BEGIN

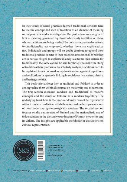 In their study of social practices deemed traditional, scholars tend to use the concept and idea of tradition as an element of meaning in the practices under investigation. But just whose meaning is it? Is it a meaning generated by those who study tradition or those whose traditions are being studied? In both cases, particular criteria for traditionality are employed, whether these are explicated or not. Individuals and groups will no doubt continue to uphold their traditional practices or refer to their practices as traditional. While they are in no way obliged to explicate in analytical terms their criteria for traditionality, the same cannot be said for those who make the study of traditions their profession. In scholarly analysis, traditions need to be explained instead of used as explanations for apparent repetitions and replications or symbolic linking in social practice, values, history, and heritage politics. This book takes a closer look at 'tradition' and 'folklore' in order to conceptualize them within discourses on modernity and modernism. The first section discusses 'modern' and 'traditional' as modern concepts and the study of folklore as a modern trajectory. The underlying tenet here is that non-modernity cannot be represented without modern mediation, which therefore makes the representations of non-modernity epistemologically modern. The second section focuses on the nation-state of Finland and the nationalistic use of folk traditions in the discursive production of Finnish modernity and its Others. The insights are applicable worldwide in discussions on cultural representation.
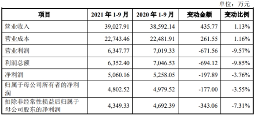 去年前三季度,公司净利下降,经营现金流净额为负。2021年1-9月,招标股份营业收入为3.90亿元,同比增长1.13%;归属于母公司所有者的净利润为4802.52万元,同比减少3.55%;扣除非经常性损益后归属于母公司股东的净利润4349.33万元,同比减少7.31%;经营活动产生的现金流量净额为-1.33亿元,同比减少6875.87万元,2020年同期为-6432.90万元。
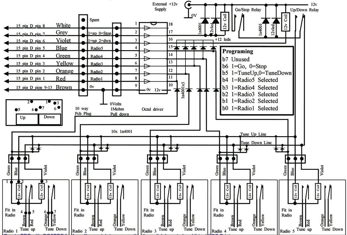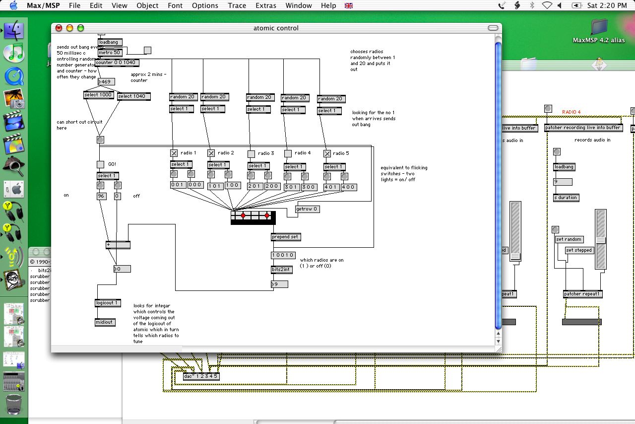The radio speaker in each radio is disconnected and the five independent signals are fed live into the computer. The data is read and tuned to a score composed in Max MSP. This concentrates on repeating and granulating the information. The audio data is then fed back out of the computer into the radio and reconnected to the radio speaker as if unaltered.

END
BEGIN

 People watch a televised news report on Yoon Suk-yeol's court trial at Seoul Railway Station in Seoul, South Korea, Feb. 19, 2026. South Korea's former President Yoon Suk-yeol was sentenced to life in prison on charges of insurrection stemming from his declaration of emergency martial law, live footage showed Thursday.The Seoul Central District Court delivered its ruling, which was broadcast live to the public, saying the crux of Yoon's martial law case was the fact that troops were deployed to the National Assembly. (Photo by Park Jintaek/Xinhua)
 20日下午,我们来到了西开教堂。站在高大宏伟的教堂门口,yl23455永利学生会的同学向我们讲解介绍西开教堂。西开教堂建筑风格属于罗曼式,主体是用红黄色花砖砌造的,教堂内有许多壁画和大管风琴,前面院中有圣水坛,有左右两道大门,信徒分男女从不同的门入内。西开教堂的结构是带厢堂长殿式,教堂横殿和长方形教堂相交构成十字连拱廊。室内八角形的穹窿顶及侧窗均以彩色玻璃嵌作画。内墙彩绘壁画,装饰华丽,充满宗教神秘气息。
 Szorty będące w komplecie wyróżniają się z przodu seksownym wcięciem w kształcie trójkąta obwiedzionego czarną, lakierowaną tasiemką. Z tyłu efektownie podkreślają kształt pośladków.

END

> **Exercise aim**
What are the lines above from the one with "In their study" to the one with "去年前三季度,公司净利下降,经营现金流净", both included? Reproduce them exactly, without pictures.

> **Answer space**
 In their study of social practices deemed traditional, scholars tend to use the concept and idea of tradition as an element of meaning in the practices under investigation. But just whose meaning is it? Is it a meaning generated by those who study tradition or those whose traditions are being studied? In both cases, particular criteria for traditionality are employed, whether these are explicated or not. Individuals and groups will no doubt continue to uphold their traditional practices or refer to their practices as traditional. While they are in no way obliged to explicate in analytical terms their criteria for traditionality, the same cannot be said for those who make the study of traditions their profession. In scholarly analysis, traditions need to be explained instead of used as explanations for apparent repetitions and replications or symbolic linking in social practice, values, history, and heritage politics. This book takes a closer look at 'tradition' and 'folklore' in order to conceptualize them within discourses on modernity and modernism. The first section discusses 'modern' and 'traditional' as modern concepts and the study of folklore as a modern trajectory. The underlying tenet here is that non-modernity cannot be represented without modern mediation, which therefore makes the representations of non-modernity epistemologically modern. The second section focuses on the nation-state of Finland and the nationalistic use of folk traditions in the discursive production of Finnish modernity and its Others. The insights are applicable worldwide in discussions on cultural representation.
 去年前三季度,公司净利下降,经营现金流净额为负。2021年1-9月,招标股份营业收入为3.90亿元,同比增长1.13%;归属于母公司所有者的净利润为4802.52万元,同比减少3.55%;扣除非经常性损益后归属于母公司股东的净利润4349.33万元,同比减少7.31%;经营活动产生的现金流量净额为-1.33亿元,同比减少6875.87万元,2020年同期为-6432.90万元。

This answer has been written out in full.